Task:
Return the line containing "35/58 Entra Russell" and every line beneath it through the end of the entries below, unchanged. Pictures stay out.

══ Working data

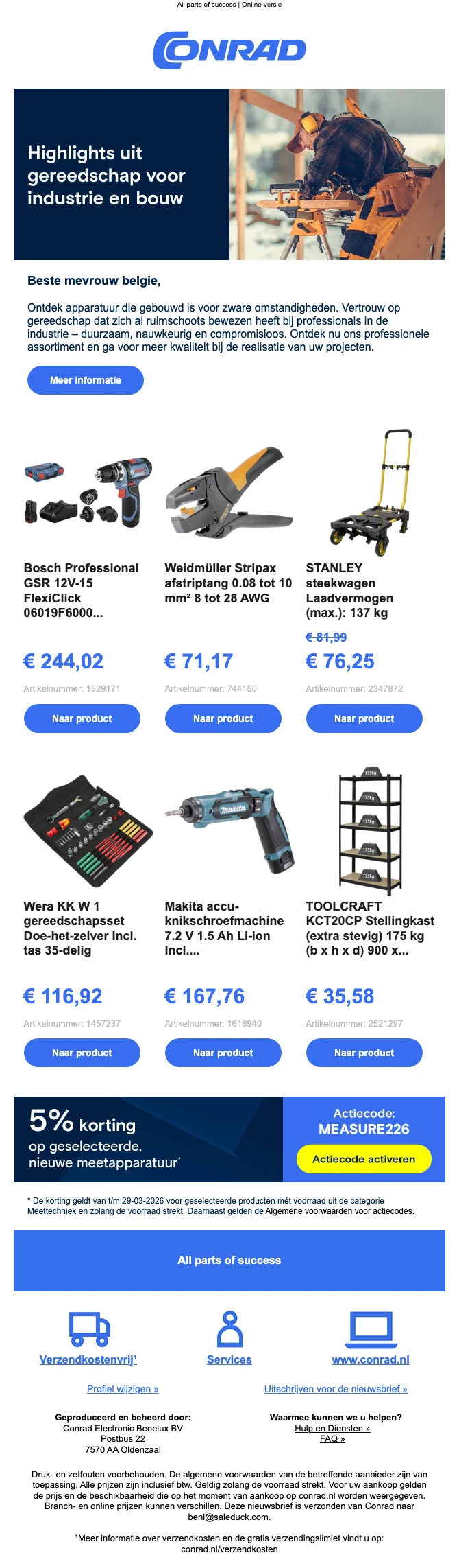Profiteer van 5% korting op geselecteerde, nieuwe meetapparatuur. Breng je technische projecten naar het volgende niveau met hoogwaardige meetinstrumenten tegen een gereduceerde prijs.
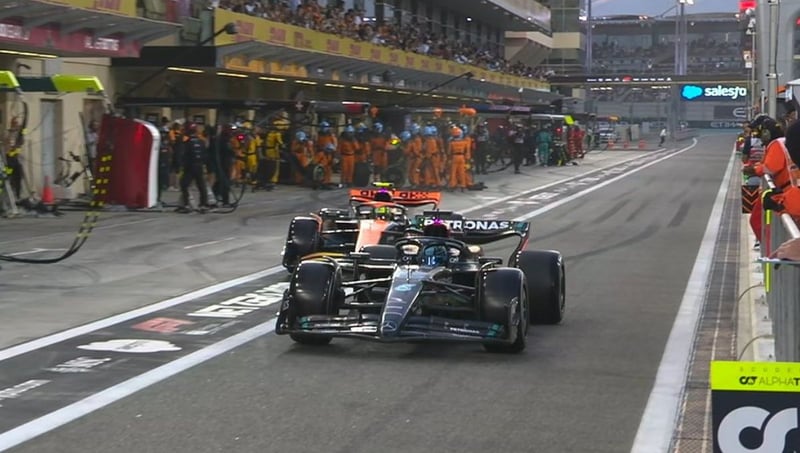 35/58 Entra Russell para evitar en 'undercut' de Norris y sale justo por delante de él. La reacción de Mercedes ha sido muy rápida.
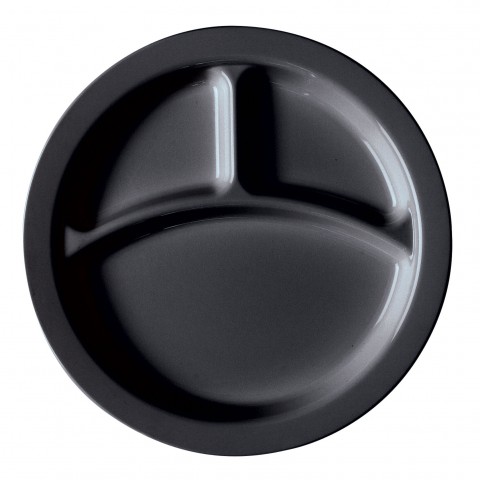 Camwear® Plate, 9" dia., 3-compartment, narrow rim, non-porous surface, smooth glossy finish, scratch resistant, textured surface, polycarbonate, black, NSF
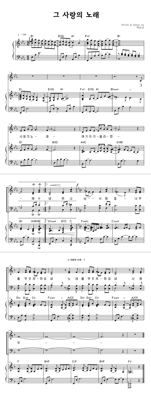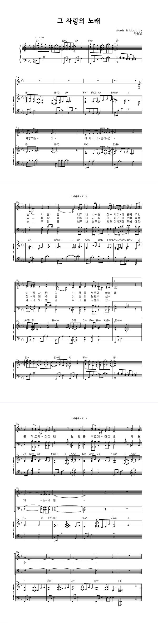| 그 사랑의 노래 | 성가 4부 + 피아노 반주 |
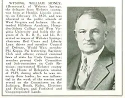 William Sidney Wysong (born Hamlin, West Virginia, February 13, 1876; died Beard Heights, West Virginia, April 26, 1963) was an American lawyer and politician. He served as the 21st Attorney General of West Virginia from May 25, 1942, to January 13, 1943.
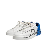 Dolce & Gabbana White Blue Low Top Leather Sneakers Shoes
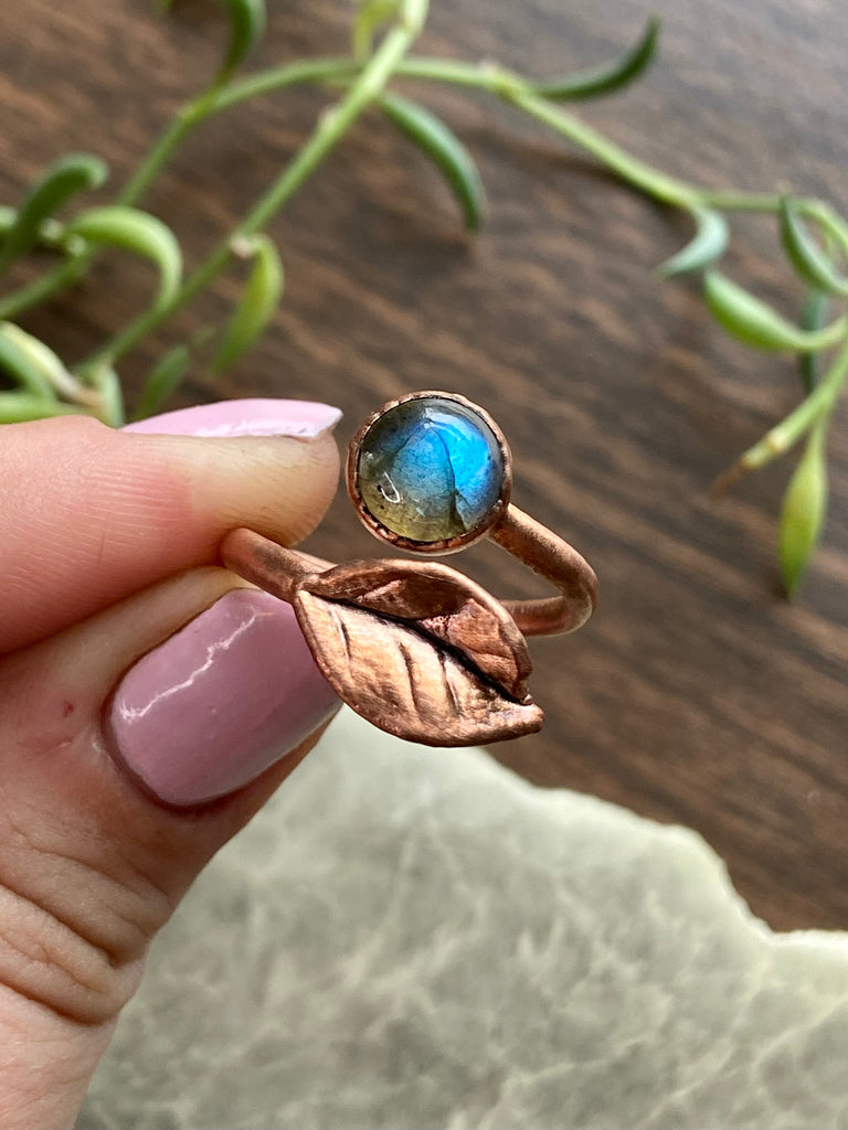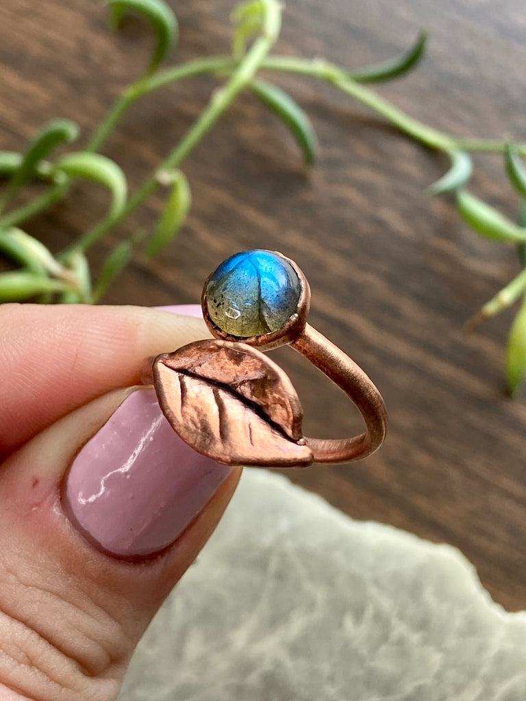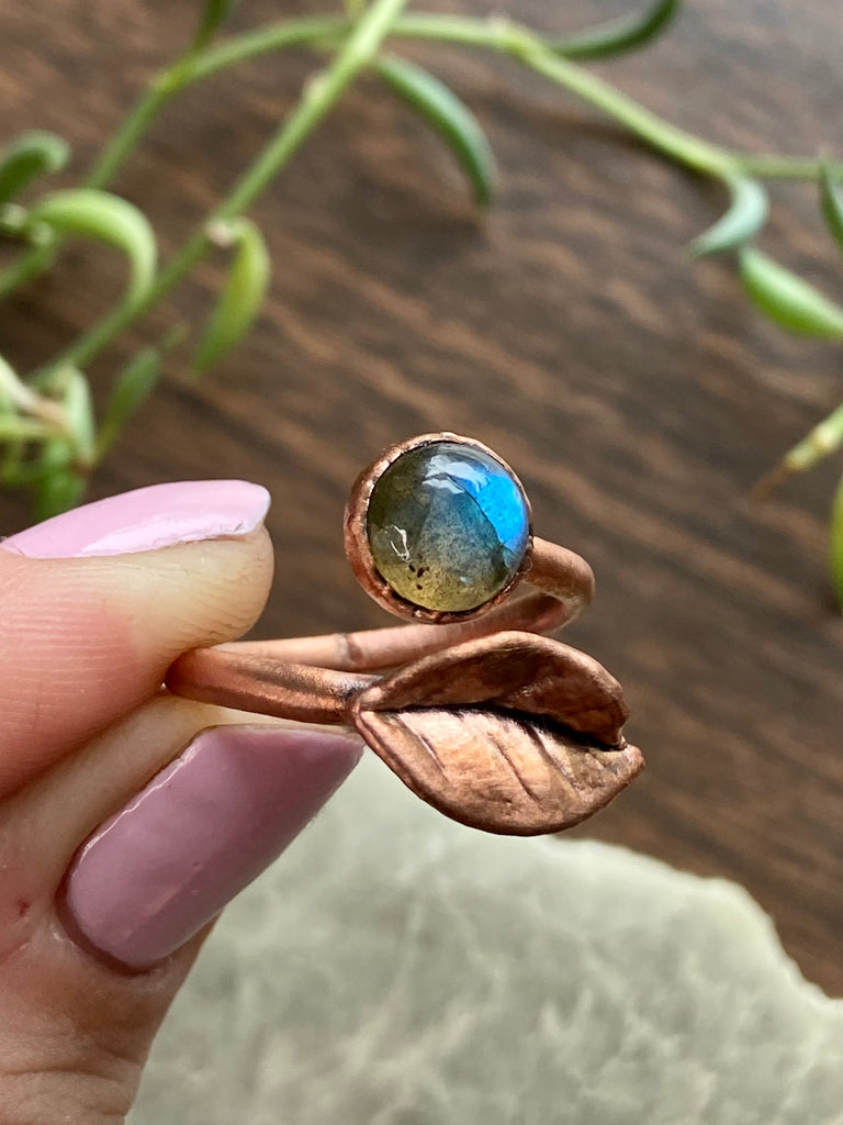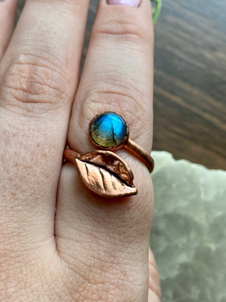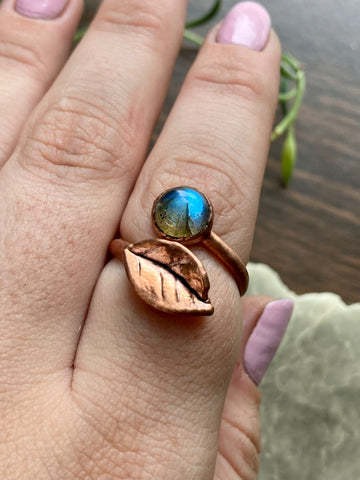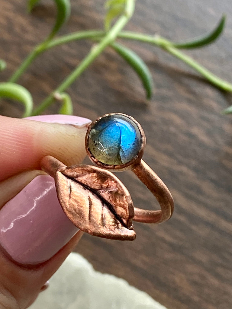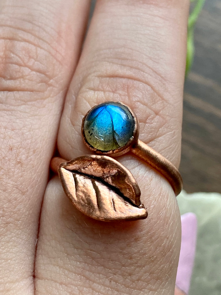 Handmade copper electro formed ring with an flashy blue labradorite and a leaf.

════

Finished exercise:
 35/58 Entra Russell para evitar en 'undercut' de Norris y sale justo por delante de él. La reacción de Mercedes ha sido muy rápida.
 Camwear® Plate, 9" dia., 3-compartment, narrow rim, non-porous surface, smooth glossy finish, scratch resistant, textured surface, polycarbonate, black, NSF
| 그 사랑의 노래 | 성가 4부 + 피아노 반주 |
 William Sidney Wysong (born Hamlin, West Virginia, February 13, 1876; died Beard Heights, West Virginia, April 26, 1963) was an American lawyer and politician. He served as the 21st Attorney General of West Virginia from May 25, 1942, to January 13, 1943.
 Dolce & Gabbana White Blue Low Top Leather Sneakers Shoes
 Handmade copper electro formed ring with an flashy blue labradorite and a leaf.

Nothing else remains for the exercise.